Prayer and fellowship are common amongst the Christians here in Uganda. But this particular family of four, father mother and two sons are lifelong Muslims. The father of the household is the chairman of the village and the imam (pastor) of the local mosque. Which makes it even more complicated for him and his family to consider converting to Christianity.
As we pulled up to the Islam home I started to get a bit nervous as Aloysious was explaining there had been some witch craft in this family, which they believe led to them losing their first born and many other difficulties. Wow, I've read about situations like this, but now I was here to experience first hand. I said a quick prayer while walking up to the house.

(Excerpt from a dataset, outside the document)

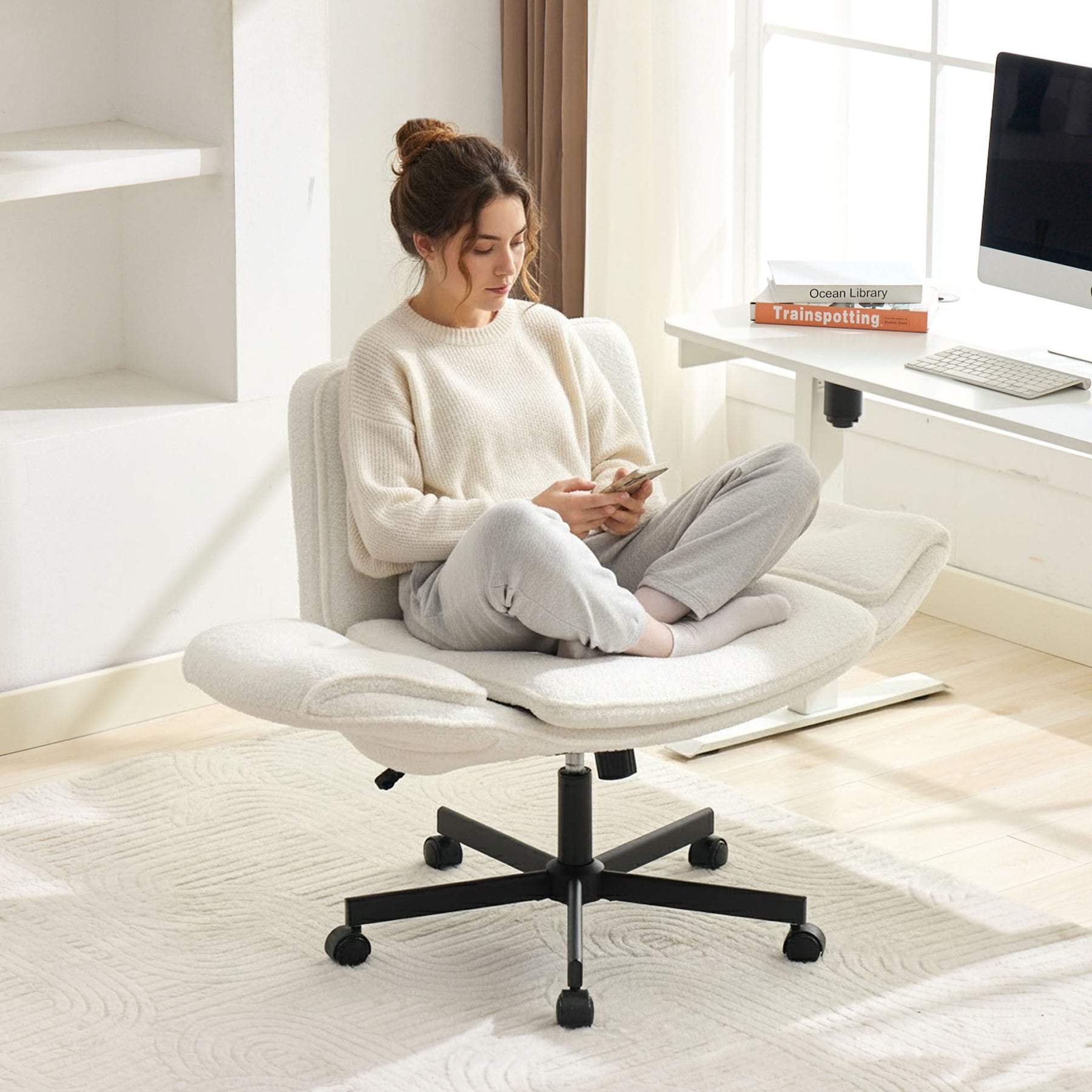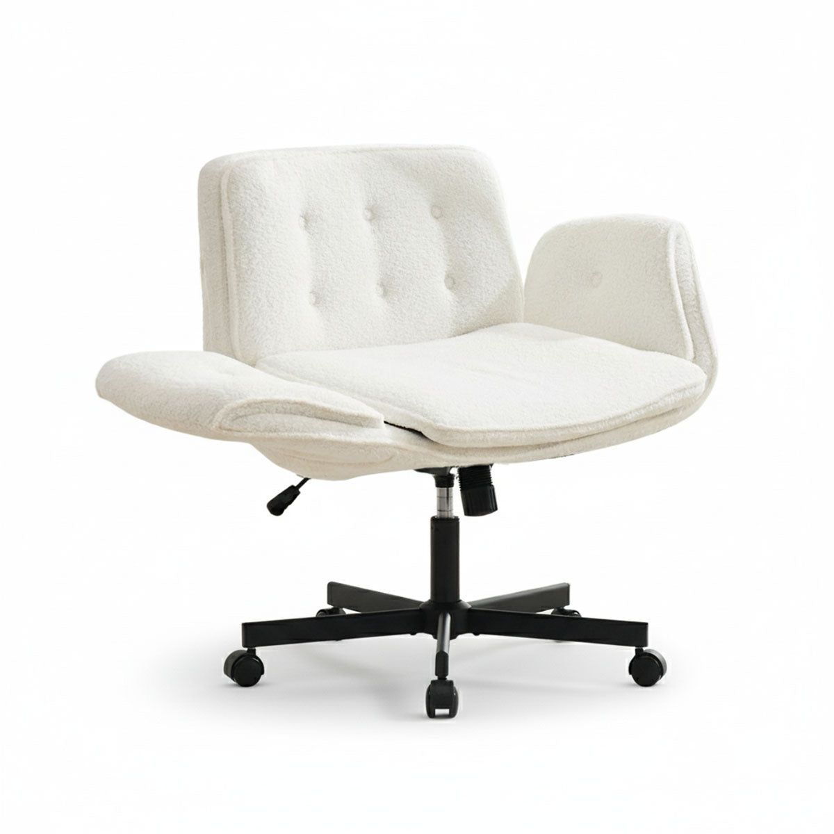 Sit your way in comfort with the Cross-Legged Swivel Vanity Chair – ideal for home offices, vanity tables, or creative spaces. With plush boucle fabric, foldable arms, and a seat wide enough for cross-legged sitting, this chair is made for modern comfort and flexibility.

The family greeted us at the door and we each found a seat in the small room. Everyone was introduced to the family. Aloysious then opened up the bible and began reading from John chapter 8. He was reading in Lugandan so Shane and I were not able to understand. But we were following in our English bibles. After the reading he spoke for a few minutes and then everyone started singing Lugandan worship songs.
One of our team members took us from song to prayer. Everyone in the room praying for this family. I looked up to see the man a bit unsure of what was going on or what to do. I simply gave him a smile, he smiled back and bowed his head.
Everyone's prayers slowly started to fade off and Aloysious sang a few words. I could only catch one of the words "Mukama" which means lord.
The evening ended with Shane explaining how we express our connection to God a little different, but we are each connected through Christ. They were able to see this during our prayers, some were quite loud and energetic but others like myself were quiet and meditative. He then asked them (Aloysious interpreting) if we were able to help them connect to God through Christ by being here tonight. The family then explained that it was exactly the reason they invited us and requested for us to continue visiting.
On our drive home Aloysious explained how the man said he is ready to give his life to Christ but since he is the chairman of the village and the imam (pastor) of the mosque it comes with much consequence for him and his family.
Please be in prayer for this family during this decision they are making. Pray that the Christian community will be beside them when the Muslim community turns their back and/or makes their life complicated.
For accountability to our supporters, we keep track of all our expenses. Last week, I noticed my records didn't add up. I suspected one of the Luswata kids might have swiped some of our shillings. To test this theory, I showed Hank that I was putting 20,000 shillings (less than $8 USD) in a money pouch on top my pillow (usually kept under my pillow).
When we returned home from the Adonai Centre, the money was gone and the pouch crawled back to its usual place under my pillow. Also missing were small things such as my flashlight and soap, and Hank's lifetime supply of hemorrhoid cream. Now we were sure someone was stealing and it couldn't have been the kids, so we let Aloysious know.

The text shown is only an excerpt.